A greedy problem for the mentally retarded. You can choose the lowest number among all the nodes you can reach each time. The time complexity of directly enumerating to find the minimum number is O ( n 3 ) O(n^3) O(n3). But this question is for n ⩽ 500 n\leqslant 500 n ⩽ 500 to be honest, I'm not very good at Sister Li, because we actually have O ( ( n + m ) log n ) O((n+m)\log n) O((n+m)logn): just change the bfs queue to the minimum heap.
4003
TSP
Directly from 1 1 Starting from point 1, we always take the shortest side we can take every time, which is greedy and complex O ( n 2 ) O(n^2) O(n2), obviously this is a wrong greed, and its solution can get 54 points.

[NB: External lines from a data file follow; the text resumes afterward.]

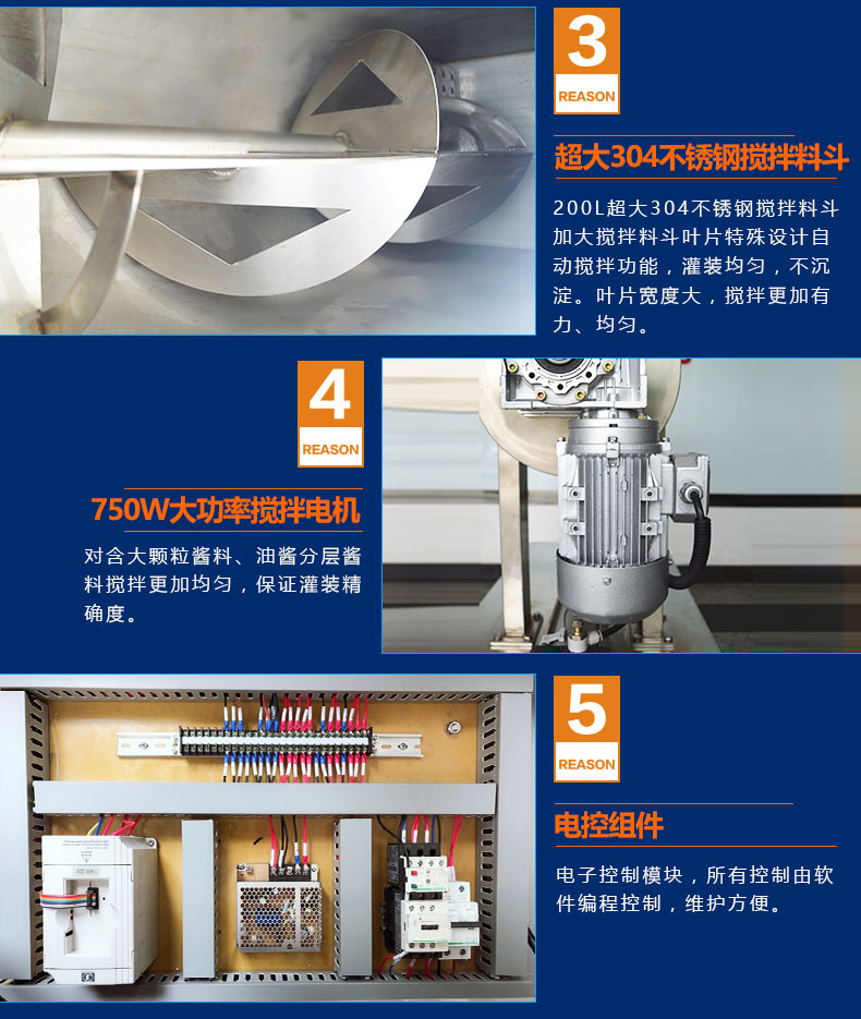 產品簡介:半自動醬類醬料灌裝機SFM系列結構合理、機型小巧、性能可靠、定量準確、操作方便。整機304不銹鋼,灌裝悶頭防漏料防滴油,氣缸驅動結構,加大200L料斗,品牌全鋁殼銅芯大功率攪拌電機,變頻調速,PLC智能控制,用戶可根據需要任意調節灌裝量及灌裝速度,灌裝精度高。
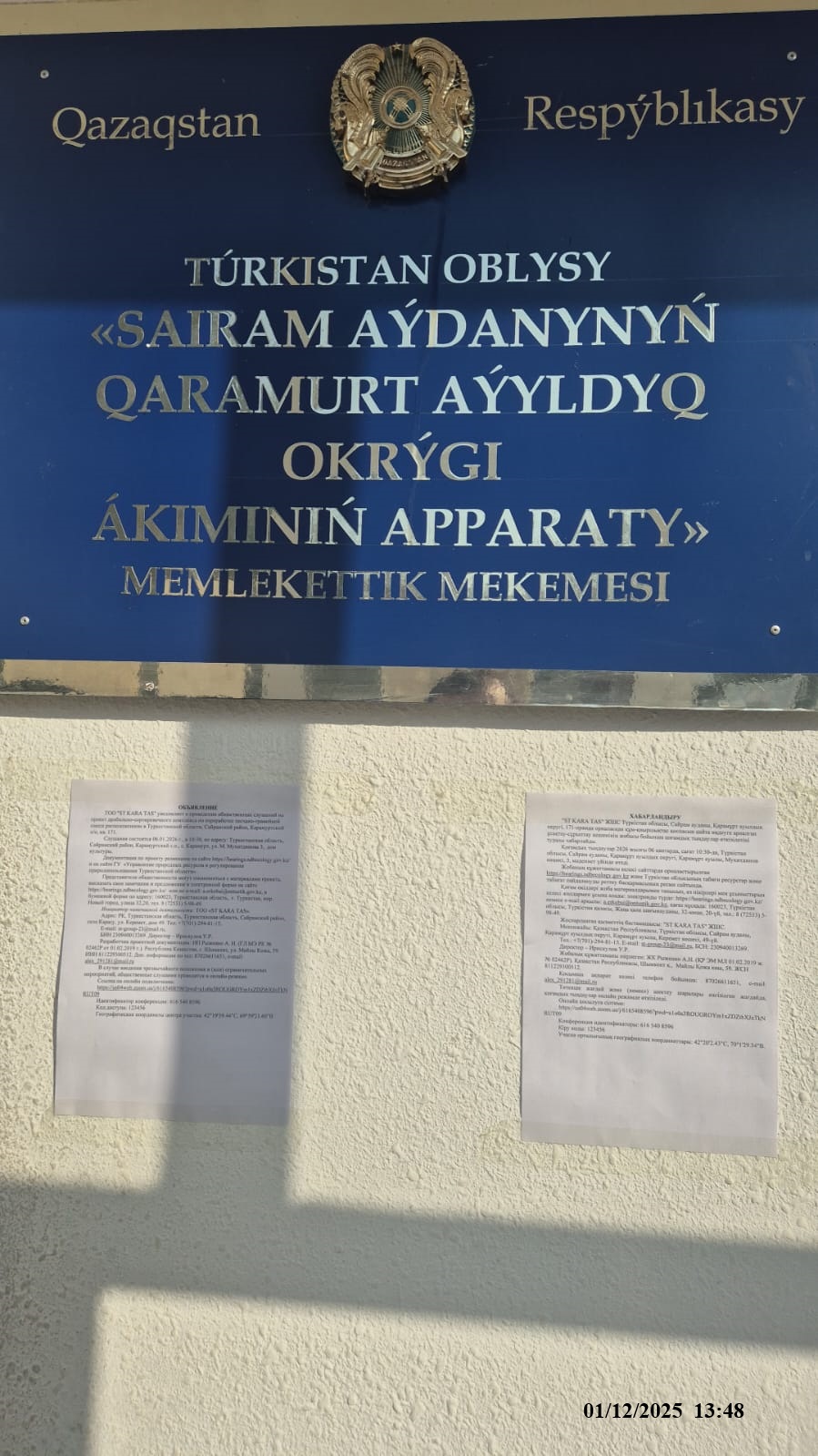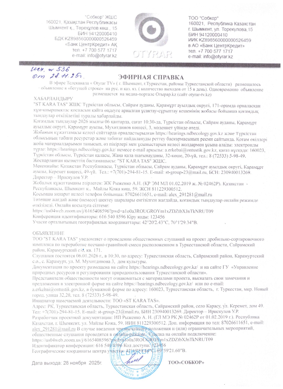 3. Общественные слушания организованны: Управление природных ресурсов и регулирования природопользования Туркестанской области, a.erkebai@ontustik.gov.kz,
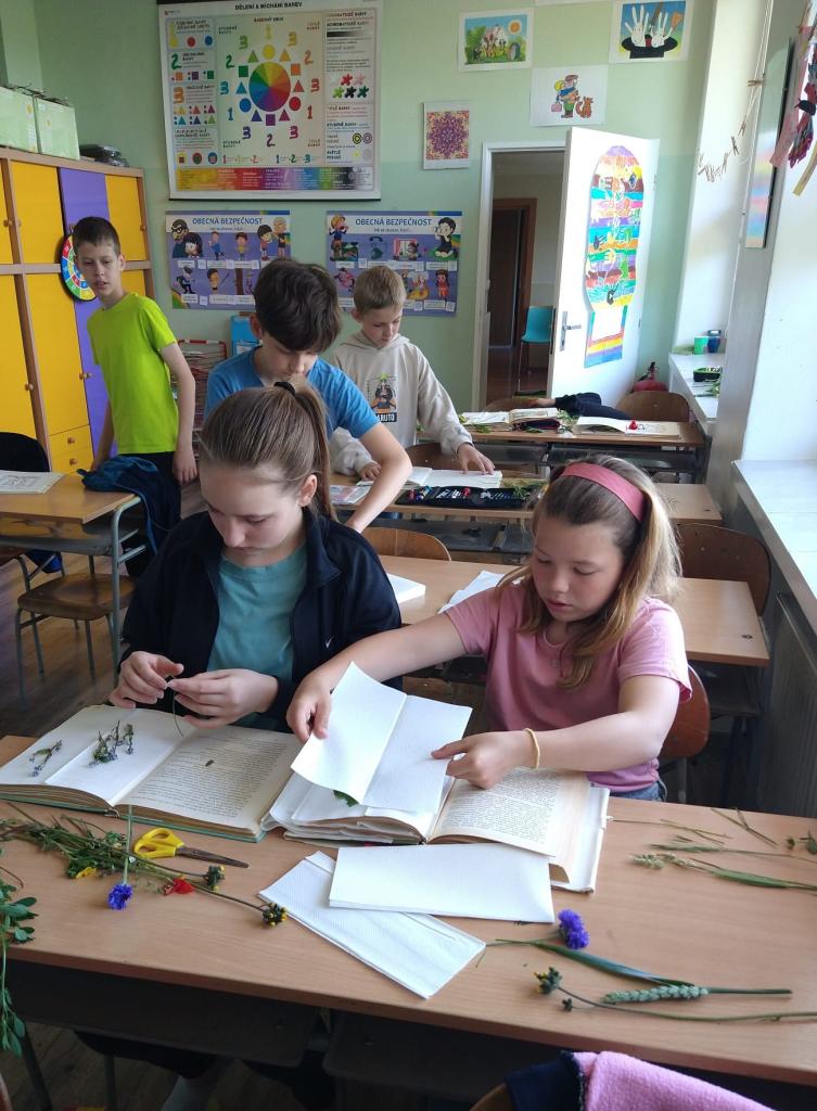 V uplynulém období jsme se s dětmi 3.-5. třídy věnovali učivu o louce. Jedna z výhod vesnické školy je možnost výuky mimo prostory školy. Vyšli jsme si do přírody a nasbírali luční byliny a trávy, které jsme se společně snažili poznat a správně pojmenovat. V hodinách výtvarné výchovy jsme je pak vylisovali a sestavili do jednoduchých herbářů. Pro mnohé to byla zajímavá zkušenost a bylo vidět, že je neobvyklá aktivita zaujala.

If you don't 1 1 Start from point 1, but enumerate the starting points and run the algorithm n n n times, take the optimal solution, you can get 69-72 points.
Let's not talk about the algorithms with higher scores. There are simulated annealing, ant colony, genetics and so on. Some people fooled around and took 87. Study online by yourself.
I fooled around, took 81 and played other games. One night I dreamed that two monsters scored 90 points. I woke up and saw if I found it.